=== Begin Enclosure ===
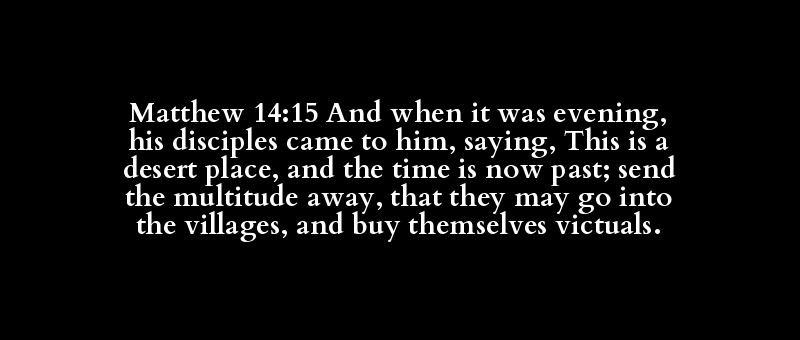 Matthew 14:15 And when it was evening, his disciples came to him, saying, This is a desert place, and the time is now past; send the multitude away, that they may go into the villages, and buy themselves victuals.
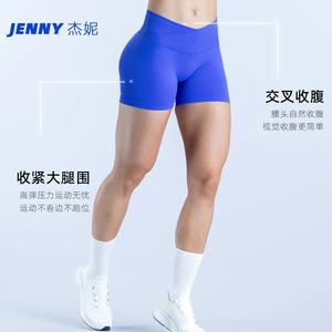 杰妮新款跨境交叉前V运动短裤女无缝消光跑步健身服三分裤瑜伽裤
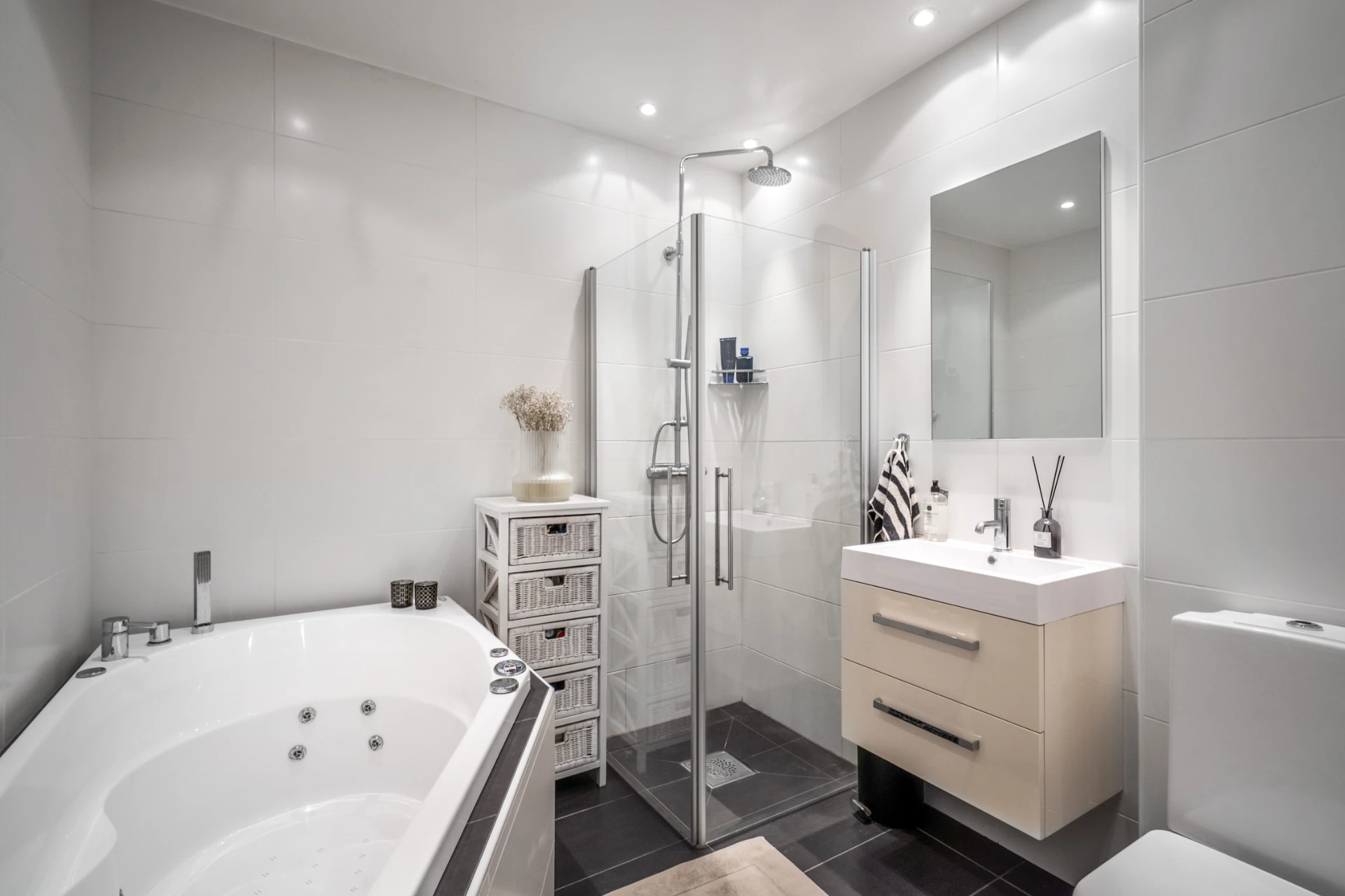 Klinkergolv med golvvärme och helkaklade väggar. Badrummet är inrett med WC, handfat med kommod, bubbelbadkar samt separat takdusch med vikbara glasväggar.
=== End Enclosure ===
=== Begin Enclosure ===
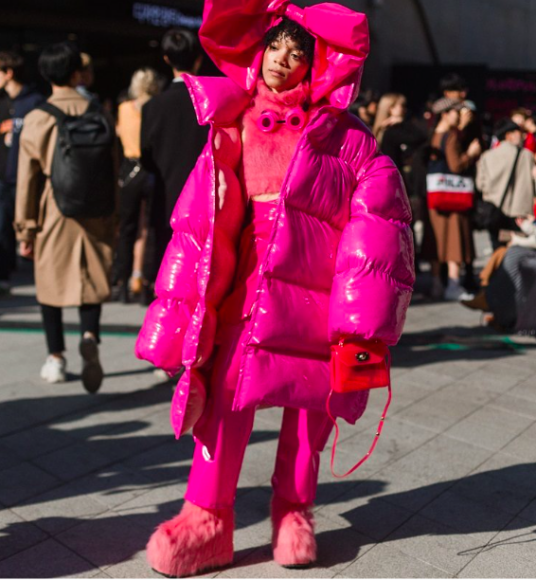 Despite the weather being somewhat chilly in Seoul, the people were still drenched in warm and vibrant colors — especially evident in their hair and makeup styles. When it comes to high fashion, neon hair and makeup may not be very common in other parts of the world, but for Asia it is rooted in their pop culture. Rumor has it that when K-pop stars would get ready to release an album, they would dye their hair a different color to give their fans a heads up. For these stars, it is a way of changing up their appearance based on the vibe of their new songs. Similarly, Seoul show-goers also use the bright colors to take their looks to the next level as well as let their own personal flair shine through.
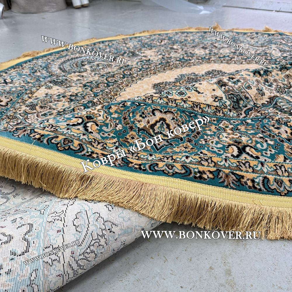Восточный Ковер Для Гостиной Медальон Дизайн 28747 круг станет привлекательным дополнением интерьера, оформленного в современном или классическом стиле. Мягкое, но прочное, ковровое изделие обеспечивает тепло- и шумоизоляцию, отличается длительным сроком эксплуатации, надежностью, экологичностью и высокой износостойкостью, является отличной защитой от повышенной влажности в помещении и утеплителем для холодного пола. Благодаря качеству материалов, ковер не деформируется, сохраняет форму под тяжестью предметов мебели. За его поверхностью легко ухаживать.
=== End Enclosure ===
=== Begin Enclosure ===
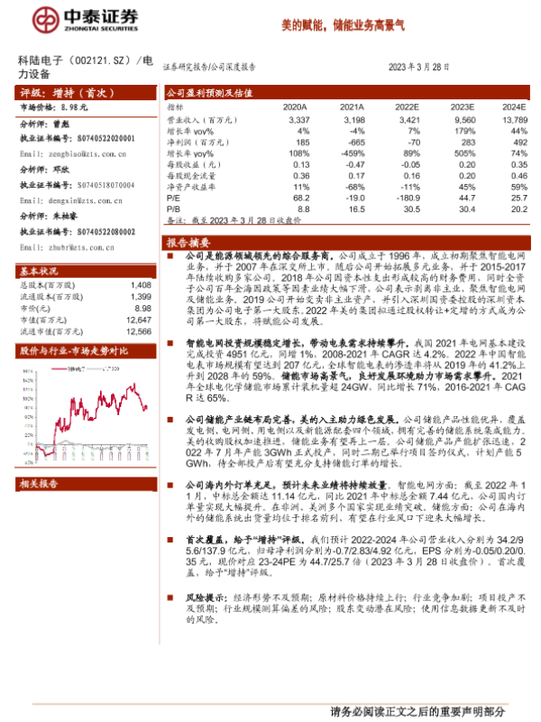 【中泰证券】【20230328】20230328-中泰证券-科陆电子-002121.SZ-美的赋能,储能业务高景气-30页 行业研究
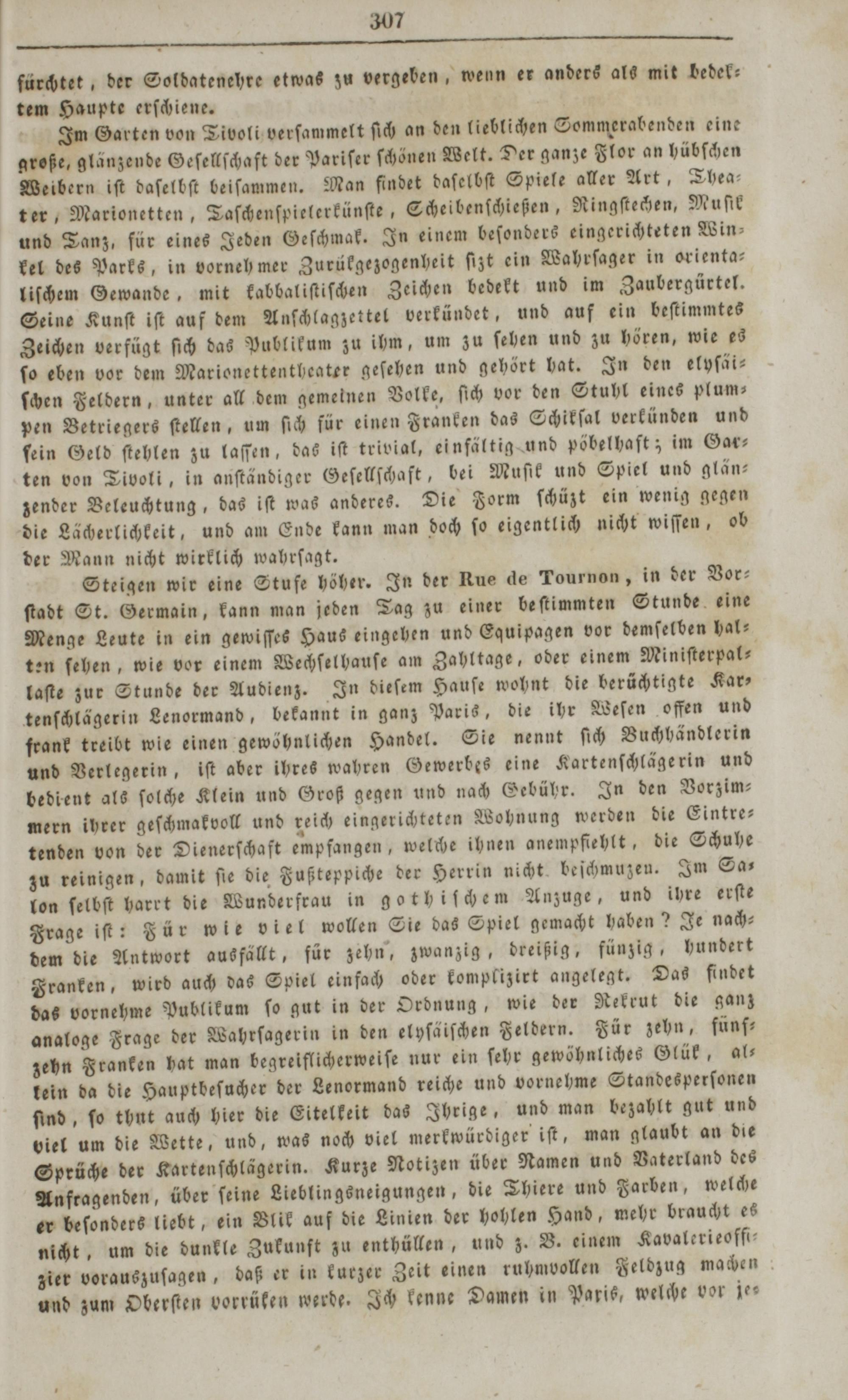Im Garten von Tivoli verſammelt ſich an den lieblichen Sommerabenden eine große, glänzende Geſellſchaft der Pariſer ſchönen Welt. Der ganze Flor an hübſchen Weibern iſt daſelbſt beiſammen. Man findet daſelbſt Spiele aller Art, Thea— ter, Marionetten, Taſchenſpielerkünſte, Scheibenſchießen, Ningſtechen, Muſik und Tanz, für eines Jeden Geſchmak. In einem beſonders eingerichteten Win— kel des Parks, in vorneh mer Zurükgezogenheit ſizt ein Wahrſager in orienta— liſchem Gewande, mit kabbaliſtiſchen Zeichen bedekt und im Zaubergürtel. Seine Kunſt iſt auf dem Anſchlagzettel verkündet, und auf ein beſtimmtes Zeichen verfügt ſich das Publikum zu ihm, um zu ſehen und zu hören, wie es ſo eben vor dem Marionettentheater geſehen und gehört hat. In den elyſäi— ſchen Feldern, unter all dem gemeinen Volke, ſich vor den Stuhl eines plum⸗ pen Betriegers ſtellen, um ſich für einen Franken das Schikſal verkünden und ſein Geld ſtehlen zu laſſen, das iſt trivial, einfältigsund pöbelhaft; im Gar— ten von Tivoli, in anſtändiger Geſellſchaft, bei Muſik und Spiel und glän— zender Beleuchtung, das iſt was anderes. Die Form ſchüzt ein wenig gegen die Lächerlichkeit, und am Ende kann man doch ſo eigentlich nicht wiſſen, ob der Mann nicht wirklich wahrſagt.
=== End Enclosure ===
> **WHAT NEEDS TO BE DONE**
Reproduce exactly the lines above that run from the one with "杰妮新款跨境交叉前V运动短裤女无缝消光跑步健身服三分裤瑜伽裤" to the one with "Klinkergolv med golvvärme", both included, leaving pictures out.

> **ANSWER BELOW**
 杰妮新款跨境交叉前V运动短裤女无缝消光跑步健身服三分裤瑜伽裤
 Klinkergolv med golvvärme och helkaklade väggar. Badrummet är inrett med WC, handfat med kommod, bubbelbadkar samt separat takdusch med vikbara glasväggar.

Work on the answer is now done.